Data supplied>
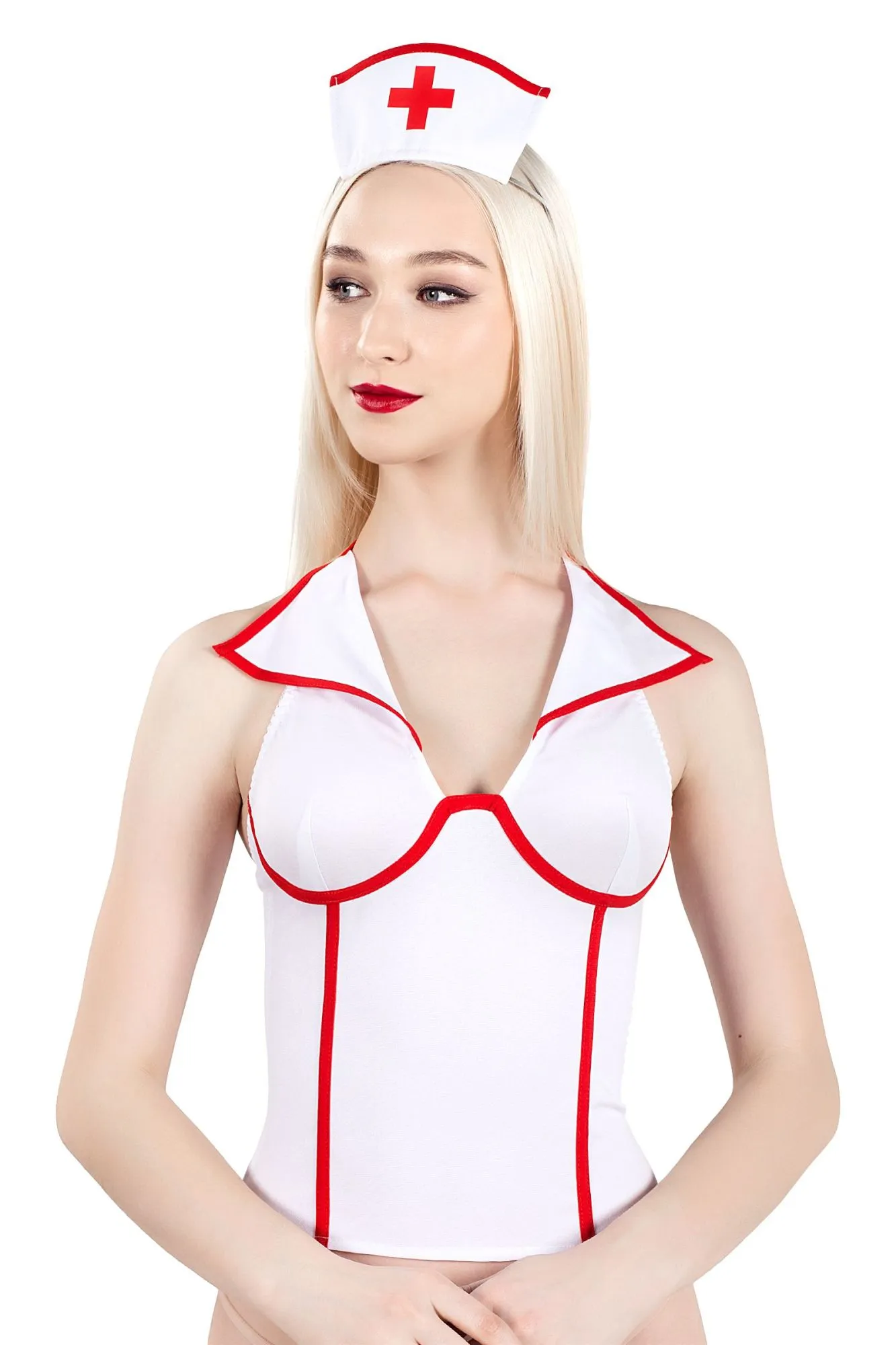 Верхняя часть костюма «Медсестра», Pecado BDSM, корсет, головной убор, бело-красный, 42
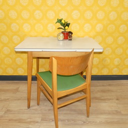 Schwarz-weißer Tisch mit Holzbeinen Kaiser Köln
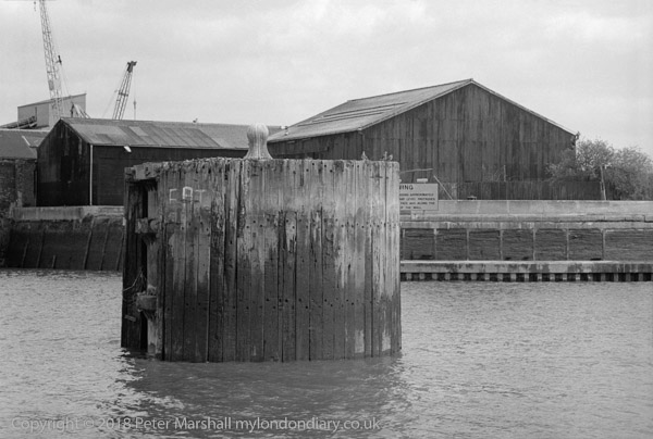 Dolphin, River Thames, Surrey Docks, Rotherhithe. 1982 31p-63: dolphin,, river, Thames, docks, sheds,
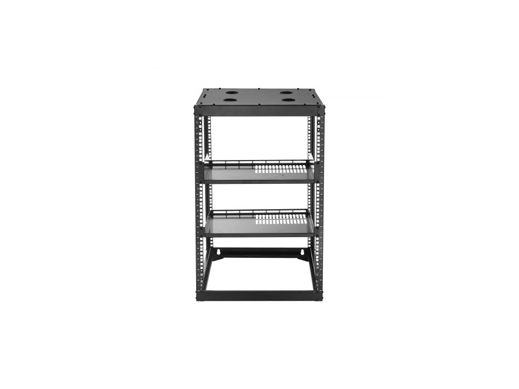 Síťový rack 16U s otevřeným rámem, hloubka 585 mm, nástěnný nebo stojící serverový rack, odolný 4sloupkový, s odvětrávanými policemi a montážním materiálem, pojme veškeré vaše síťové IT vybavení, AV zařízení.
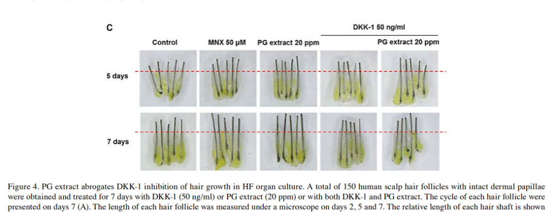 而爱茉莉研究发现,人参提取物还可以拮抗DKK-1诱导的毛囊退行期样变化,显著逆转DKK-1的影响,减少脱发。
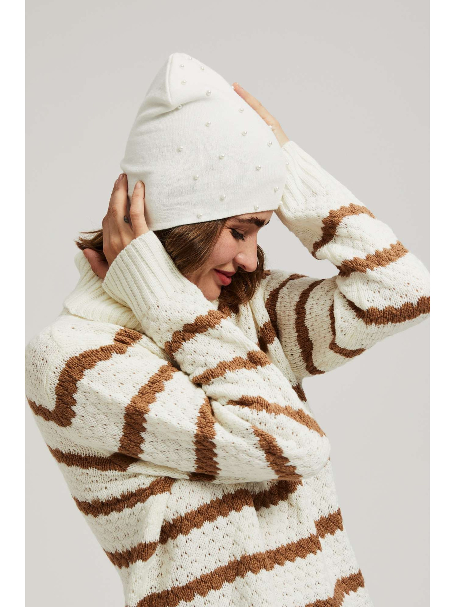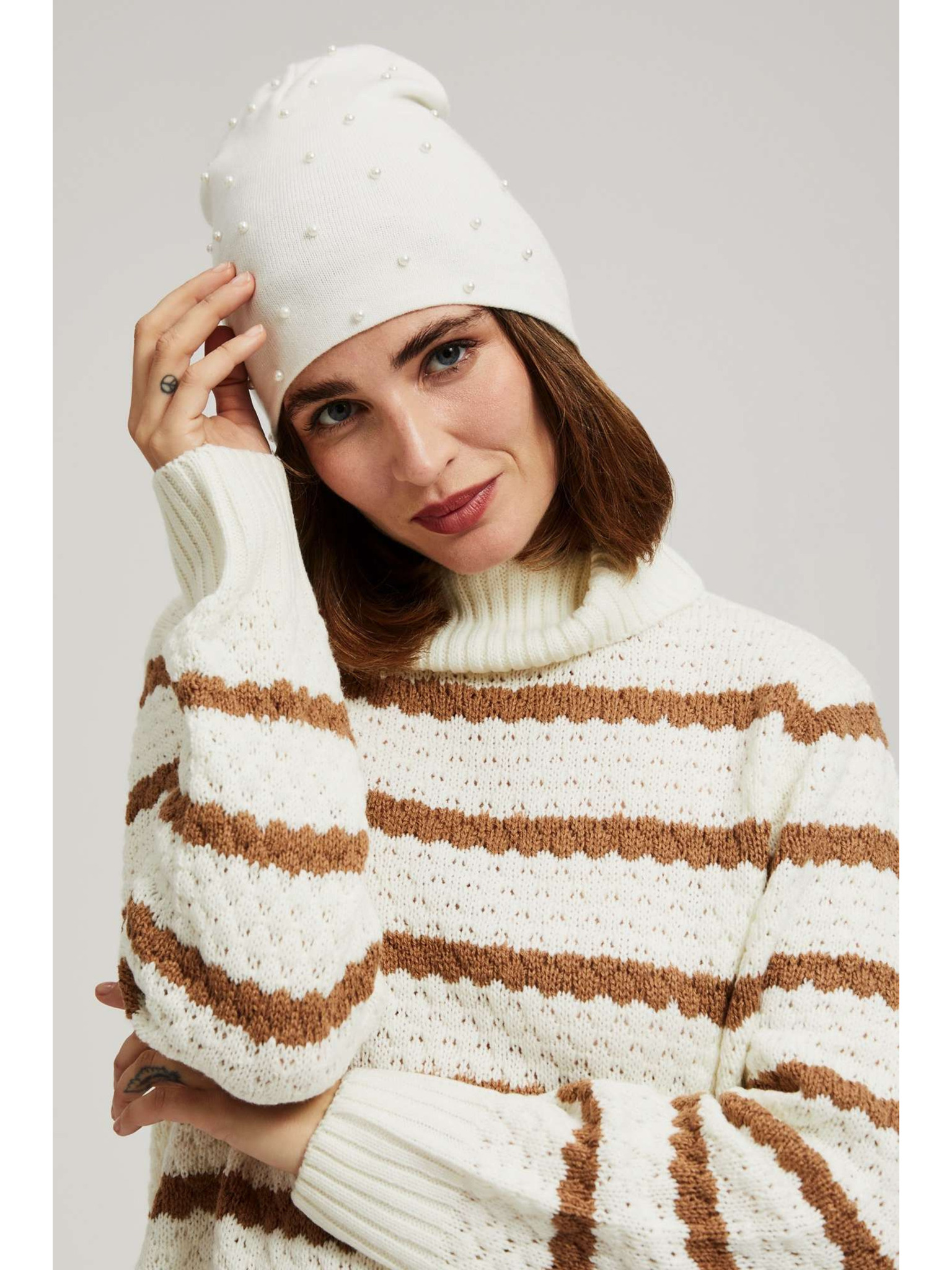 Zimska kapa bele barve Moodo

Try it>
Leave out the pictures, then repeat the listing above exactly from its first line to the line with "Dolphin, River Thames, Surrey", inclusive.

Solution to the exercise>
 Верхняя часть костюма «Медсестра», Pecado BDSM, корсет, головной убор, бело-красный, 42
 Schwarz-weißer Tisch mit Holzbeinen Kaiser Köln
 Dolphin, River Thames, Surrey Docks, Rotherhithe. 1982 31p-63: dolphin,, river, Thames, docks, sheds,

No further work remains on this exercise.